Didier Richert, the head of property risks at Stellant, pointed out that risk perception does not differ much from the reality of catastrophic losses in France.

He quoted data from CCR, France’s state-owned reinsurer, which shows that 57% of all nat cat insured losses in the country come from floods, and 34%, from droughts. It is estimated that nat cat events cause annual damages in France of between €10bn and €13bn a year, of which between  €1.35bn and  €1.65bn are absorbed by the insurance and reinsurance markets.

The survey also reveals that public opinion in France seems to be on the side of those who believe climate change is making the situation worse.

A total of 77% of those surveyed said that nat cat risks are on the rise in the country. One out of every three thinks this will hit their own regions more than five years from now, and 42% in just two to five years. A significant minority (14%) believe their region will be affected by more intense nat cat events in less than a year.
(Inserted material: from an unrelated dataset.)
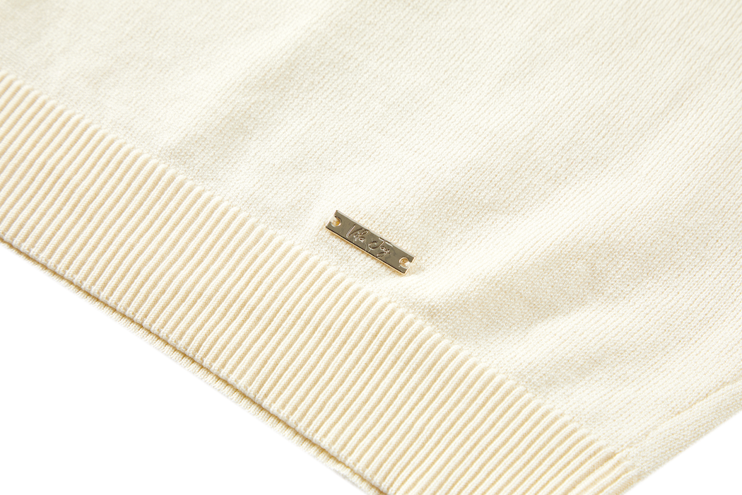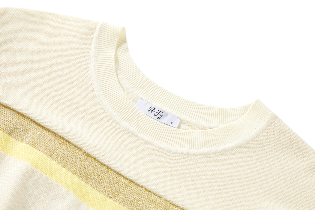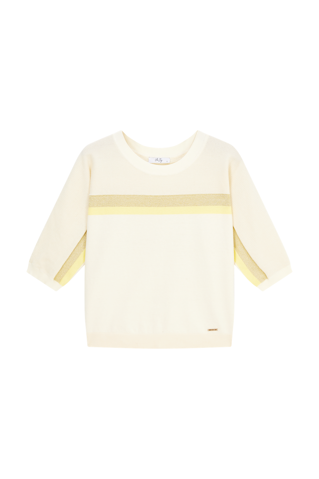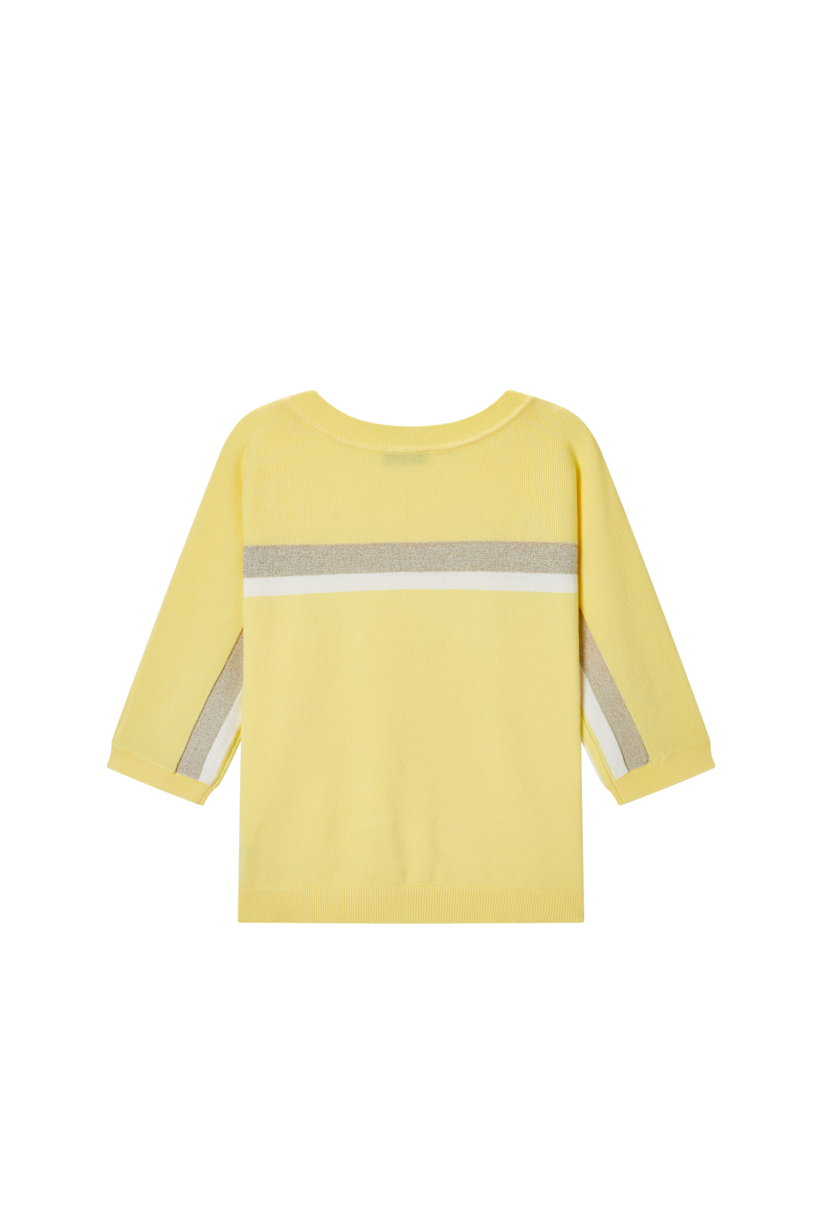 This sweater features a soft cream base with fresh yellow and golden stripes for a subtle, cheerful look. The 3/4 sleeves add an airy and modern touch. Perfect for bright, sunny days.
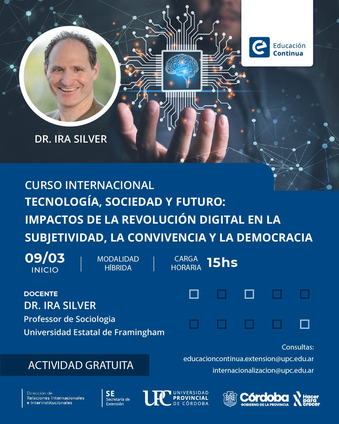 La Universidad Provincial de Córdoba (UPC), a través de su Secretaría de Extensión y su Dirección de Internacionalización, invitan a la comunidad educativa y al público general a inscribirse en el curso internacional «Tecnología, sociedad y futuro», a cargo del docente invitado, profesor de Sociología en la Universidad Estatal de Framinghan (Estados Unidos), Dr. Ira Silver.

Some 89% of those surveyed expressed fears that their regions would see a higher number of nat cat losses at some point.

The pessimism may be explained by a recent increase in the reach of nat cat events across France. The number of local jurisdictions declaring a state of natural catastrophe emergency increased from 1,000 to 3,000 over the past three years, Mr Richert observed.

The survey is released as discussions are mounting about the need to revamp the French nat cat regime, which includes a reinsurance pool managed by CCR.

However, the survey seeds doubts on whether the French population will be amenable to taking on a higher financial burden to increase coverage levels. No less than 72% of the 1006 people surveyed said that they are not prepared to pay higher premiums for their home insurance in order to obtain extended nat cat protection.